PRESCRIBE: Predicting Single-Cell Responses with Bayesian Estimation¶
Conference: NeurIPS 2025 arXiv: 2510.07964 Code: GitHub Area: Computational Biology / Single-Cell Perturbation Prediction Keywords: single-cell perturbation prediction, uncertainty quantification, Bayesian estimation, deep evidential regression, pseudo E-distance
TL;DR¶
PRESCRIBE is a framework that jointly models epistemic uncertainty (model unfamiliarity with inputs) and aleatoric uncertainty (inherent randomness of biological systems) in single-cell perturbation prediction via multivariate deep evidential regression. It generates a pseudo E-distance as a unified uncertainty proxy; filtering unreliable predictions based on this metric yields accuracy improvements exceeding 3%.
Background & Motivation¶
Predicting the effects of genetic perturbations on cells is a critical task in drug development and gene therapy. Although existing machine learning methods (e.g., GEARS, scGPT) achieve high overall accuracy, they can produce severely erroneous predictions for specific instances—particularly for gene perturbations that are unseen during training and functionally distant from training examples.
The core issue is that high average accuracy does not guarantee reliability for individual predictions. This is especially costly in biological experiments, where erroneous predictions can lead to significant waste of experimental resources.
Prediction uncertainty arises from two sources:
Aleatoric uncertainty: The inherent stochasticity of biological systems—the same genetic perturbation may yield diverse cellular outcomes.
Epistemic uncertainty: The degree to which a model is unfamiliar with a given input—if a test perturbation is functionally distant from training perturbations, the model's prediction becomes unreliable.
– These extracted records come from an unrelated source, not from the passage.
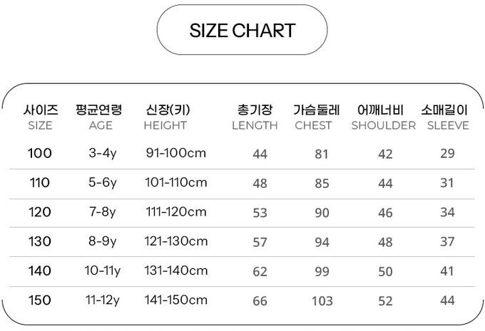 尺寸齊全,91-150公分的尺寸都有,大小孩和小寶貝都可以穿!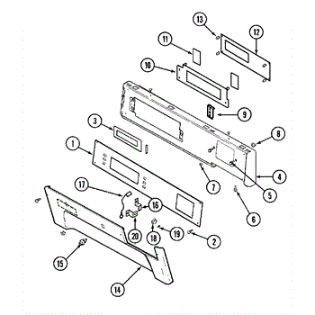 Lower display cover panel for dryer control area. Replaces cracked, broken, or missing lower display trim. Restores appearance of control panel.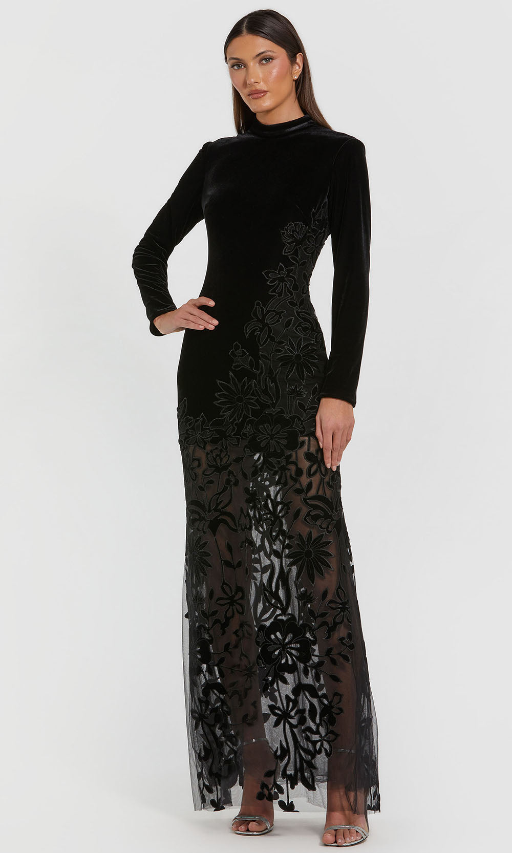 Ieena Duggal 20756 style exudes strength and grace, showcasing a refined silhouette that delivers impact through its sculpted form. A plush velvet bodice defines the upper body with a high neckline and long fitted sleeves, while the sheath skirt flows into a sheer overlay adorned with floral embroidery. This dramatic contrast of opacity and transparency adds modern romance to the silhouette. From the sleek upper fit to the whisper-light hem, the Ieena Duggal 20756 speaks to confident elegance with a fashion-forward twist. Model is wearing Black color.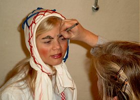Suffløren og instruktøren. Kate Kolling Andersen, er på arbejde | ||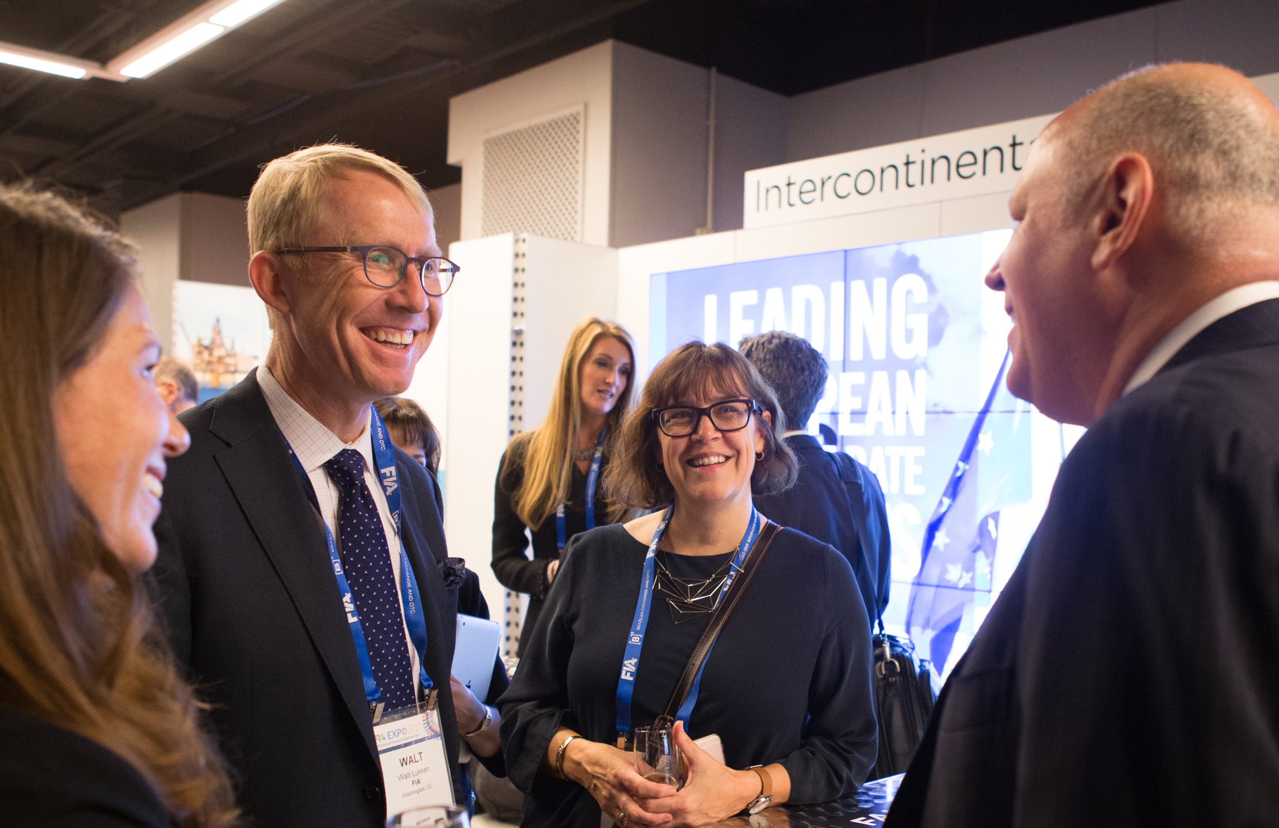 FIA's Walt Lukken talks with ICE CEO Jeff Sprecher at the ICE booth on the Expo show floor.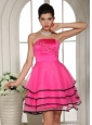 Hot Pink and Black Homecoming Dress With Appliques and Beading For Custom Made
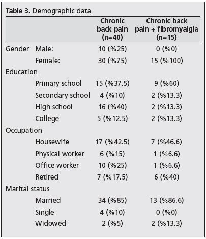The first physician diagnosed 15 and second physician diagnosed 16 FMS patients within 55 patients. In the final analysis it was determined that 15 patients were common in both of the physicians' decisions. In one patient the number of tender points was varied and this patient was not accepted as FMS. The mean age of CLBP was 45.55±11.20 and FMS+ CLBP was 48.20±10.82. All of the patients with FMS+CLBP were females (p=0.04). Fatigue, morning stiffness, paresthesia, neck pain, and number of tender points were significantly higher in FMS+CLBP group (p=0.05, p=0.005, p=0.02, p=0.001, p=0.001, consecutively).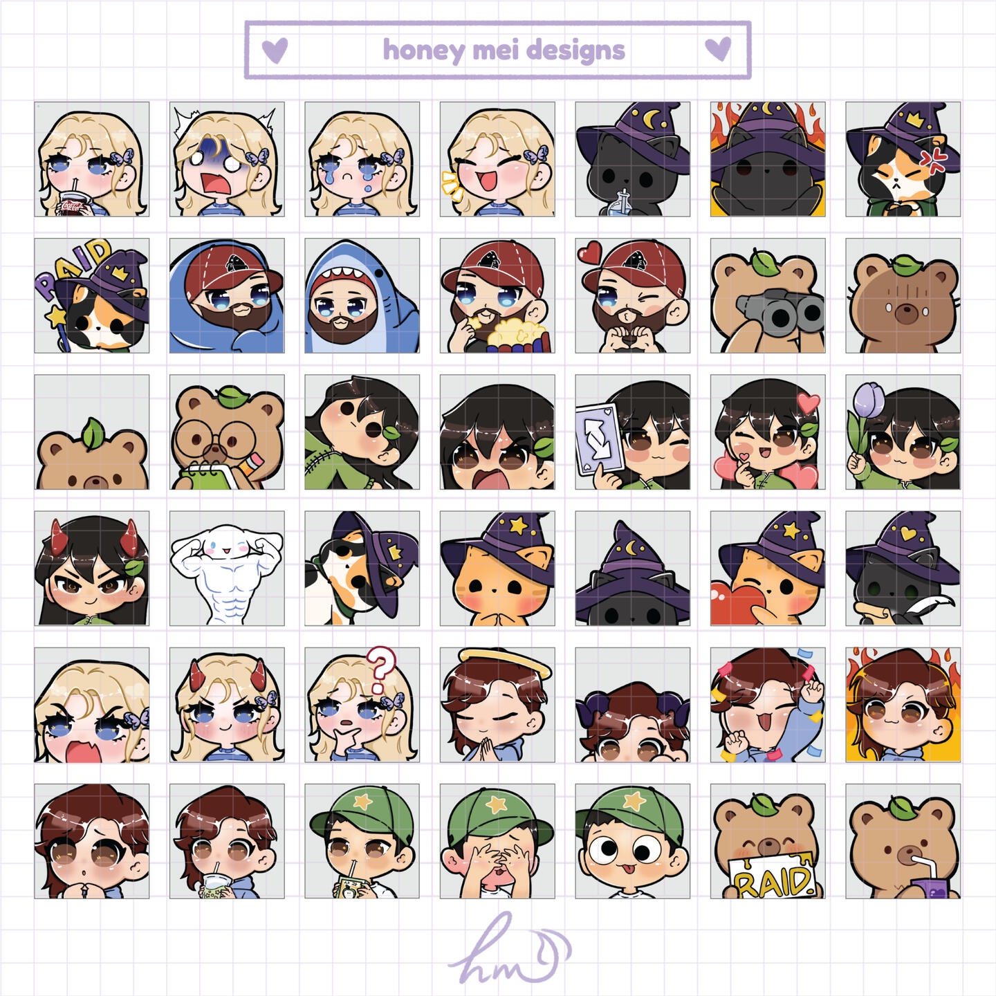 On Twitch, use the "artist attribution" tool when uploading emotes and tag me as honey_mei _

Existing methods (e.g., MC Dropout in GEARS) fail to adequately account for uncertainty in pairwise distances, and their variance estimates correlate poorly with actual prediction accuracy. Inspired by E-distance—a metric for measuring the similarity between two cell populations—the authors design a pseudo E-distance to unify both types of uncertainty.
Method¶
Overall Architecture¶
PRESCRIBE consists of three core modules: (1) an encoder \(f_\alpha\) that maps perturbations to latent representations; (2) a normalizing flow \(f_\psi\) that estimates the density of training data in the latent space and outputs evidence; and (3) a decoder \(f_\beta\) that generates sufficient statistics of the posterior distribution. Bayesian updates combine the prior with model outputs to yield the final predictive distribution and uncertainty estimates.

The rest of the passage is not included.